[Items listed in a dataset]
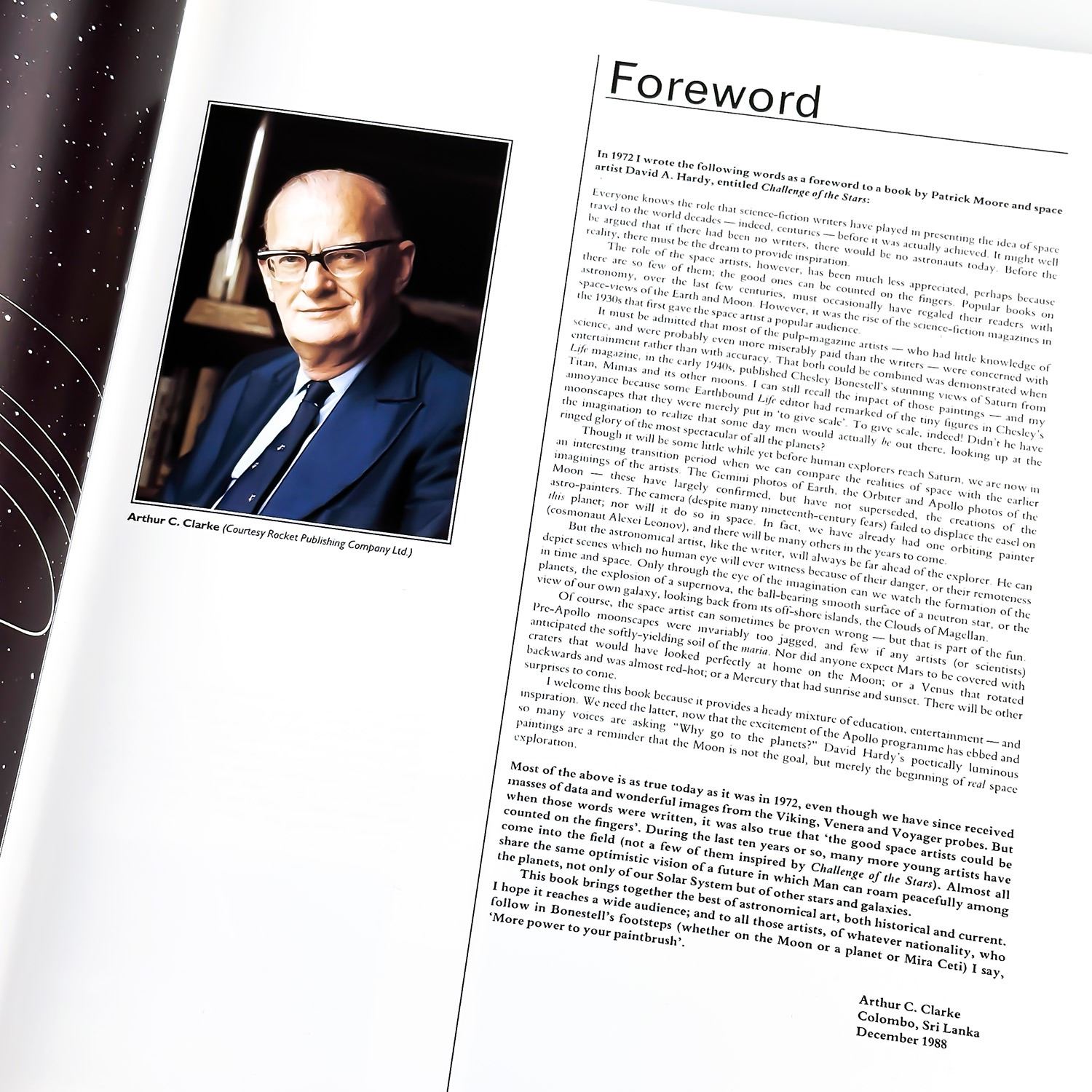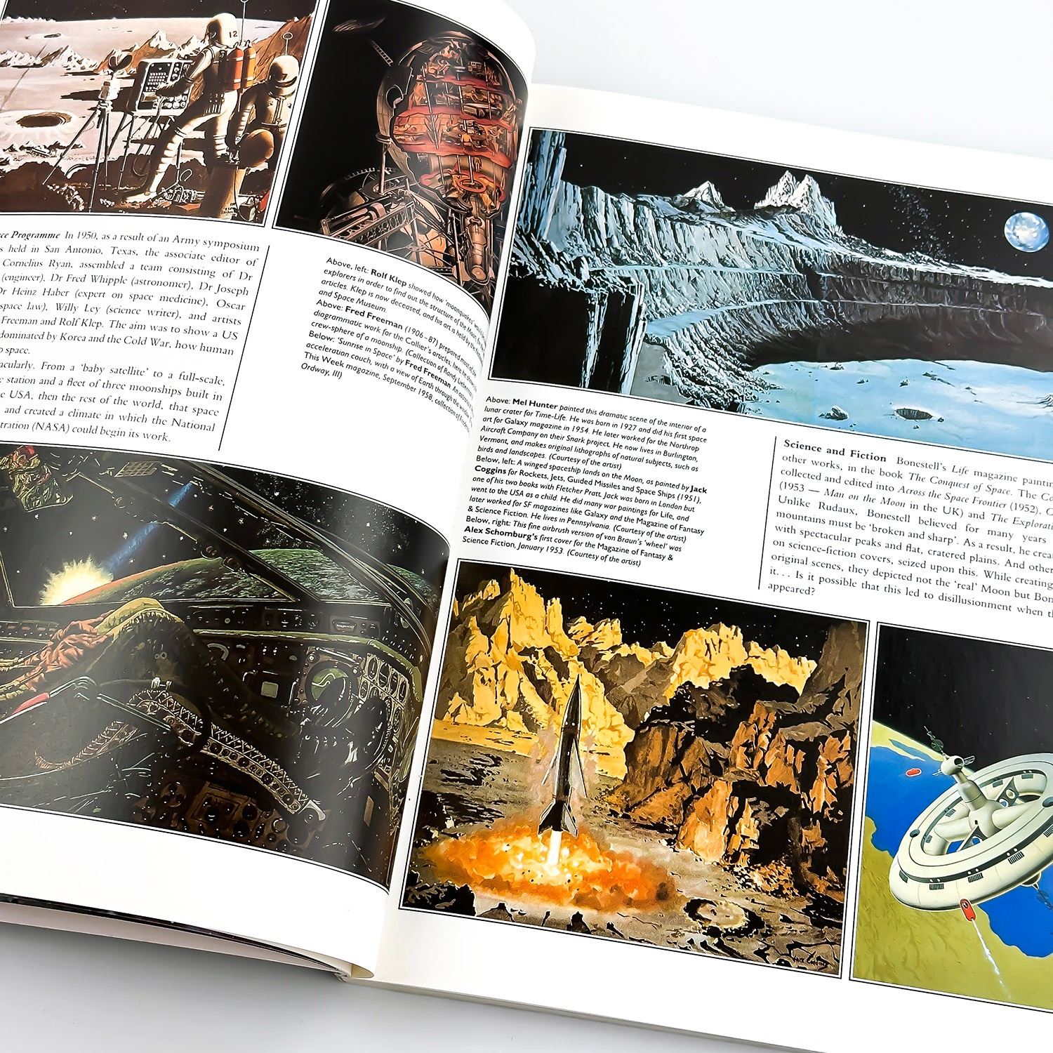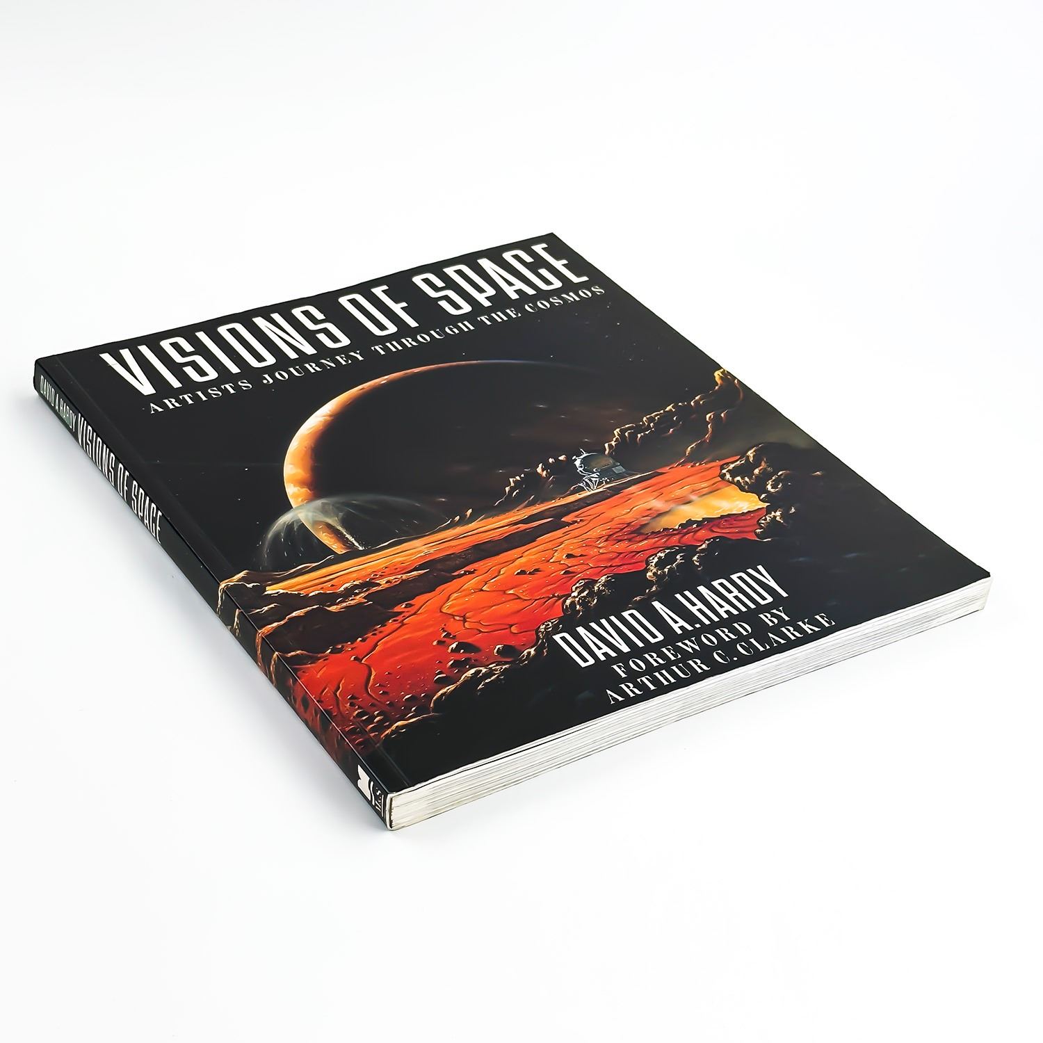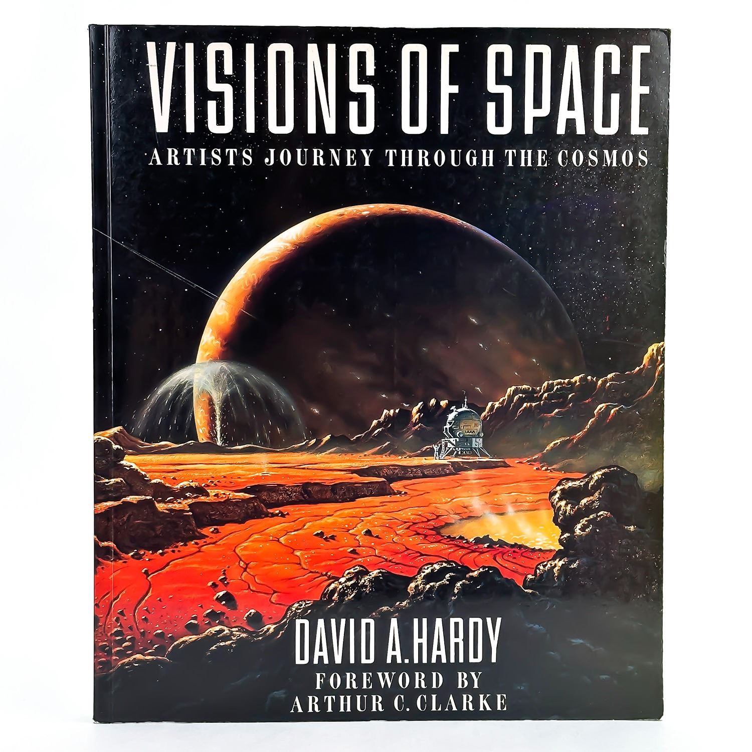 #8310 - VISIONS OF SPACE BOOK BY DAVID A. HARDY - FORWARD BY ARTHUR C. CLARKE. ILLUSTRATIONS, PAINTINGS & ART BY EARTH’S FINEST SPACE ARTISTS. PAPERBACK BOOK - FIRST PUBLISHED IN CANADA 1990 - 176 PAGES. MEASURES: 10” X 12”
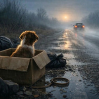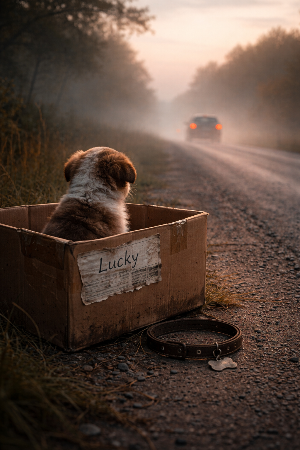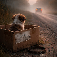 voici le premier prompt que j'ai utilisé : A small, lonely puppy sitting in a worn cardboard box at the side of a foggy, empty road at dawn. The puppy looks directly at a car driving away in the distance, its sad gaze full of longing.
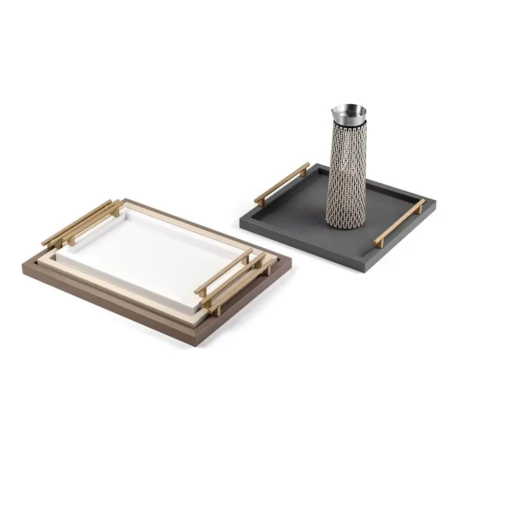 In this sophisticated tray, the timeless elegance of delicate, neutral hues meets the luxury feel exuded by prized calfskin, here featured in a soft beige shade as integral upholstery for the wooden frame. Streamlined handles in a satin gold finish display a softly knurled look and subtly luminous finish that can be found only in the most exclusive items. A pleasant texture reminding of sandhills embellishes the inner bottom. Please ask the Concierge for other sizes and finishing options.
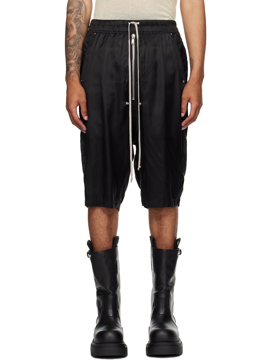 Lightweight cupro twill shorts. · Rivets and eyelets throughout · Drawstring at elasticized waistband · Four-pocket styling · Exposed zip fly · Creased legs · Dropped inseam · Silver-tone hardware Supplier color: Black 100% cupro. Made in Italy 252232M193027
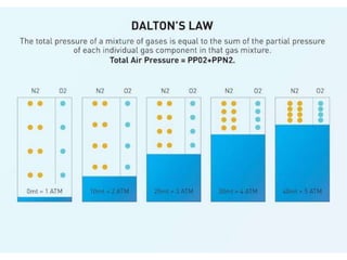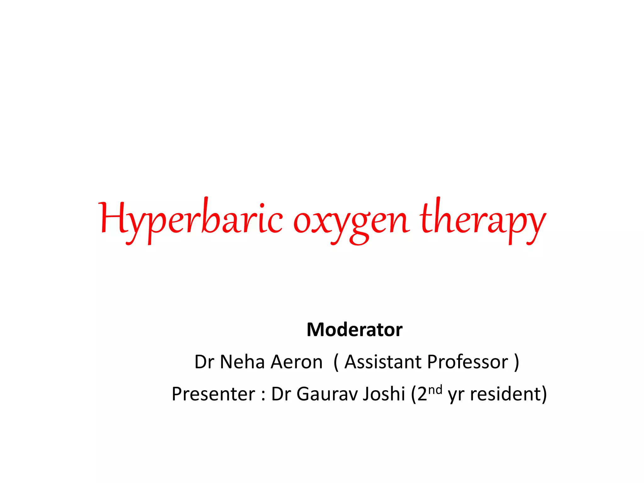 Hyperbaric oxygen therapy (HBOT) involves breathing 100% oxygen inside a pressurized chamber above 1 atmosphere. This increases the amount of oxygen dissolved in the blood and tissues. HBOT is used to treat conditions like carbon monoxide poisoning, gas embolism, necrotizing soft tissue infections, and radiation injuries by increasing oxygen delivery to compromised tissues. It works by increasing the partial pressure of oxygen inhaled, allowing more oxygen to enter the bloodstream both bound to hemoglobin and dissolved in plasma. This boosts oxygen levels in tissues to help fight infections and promote healing.

- **Work required**
Every entry above needs to be duplicated precisely, and none of the pictures should appear.

- **Solved exercise**
 #8310 - VISIONS OF SPACE BOOK BY DAVID A. HARDY - FORWARD BY ARTHUR C. CLARKE. ILLUSTRATIONS, PAINTINGS & ART BY EARTH’S FINEST SPACE ARTISTS. PAPERBACK BOOK - FIRST PUBLISHED IN CANADA 1990 - 176 PAGES. MEASURES: 10” X 12”
 voici le premier prompt que j'ai utilisé : A small, lonely puppy sitting in a worn cardboard box at the side of a foggy, empty road at dawn. The puppy looks directly at a car driving away in the distance, its sad gaze full of longing.
 In this sophisticated tray, the timeless elegance of delicate, neutral hues meets the luxury feel exuded by prized calfskin, here featured in a soft beige shade as integral upholstery for the wooden frame. Streamlined handles in a satin gold finish display a softly knurled look and subtly luminous finish that can be found only in the most exclusive items. A pleasant texture reminding of sandhills embellishes the inner bottom. Please ask the Concierge for other sizes and finishing options.
 Lightweight cupro twill shorts. · Rivets and eyelets throughout · Drawstring at elasticized waistband · Four-pocket styling · Exposed zip fly · Creased legs · Dropped inseam · Silver-tone hardware Supplier color: Black 100% cupro. Made in Italy 252232M193027
 Hyperbaric oxygen therapy (HBOT) involves breathing 100% oxygen inside a pressurized chamber above 1 atmosphere. This increases the amount of oxygen dissolved in the blood and tissues. HBOT is used to treat conditions like carbon monoxide poisoning, gas embolism, necrotizing soft tissue infections, and radiation injuries by increasing oxygen delivery to compromised tissues. It works by increasing the partial pressure of oxygen inhaled, allowing more oxygen to enter the bloodstream both bound to hemoglobin and dissolved in plasma. This boosts oxygen levels in tissues to help fight infections and promote healing.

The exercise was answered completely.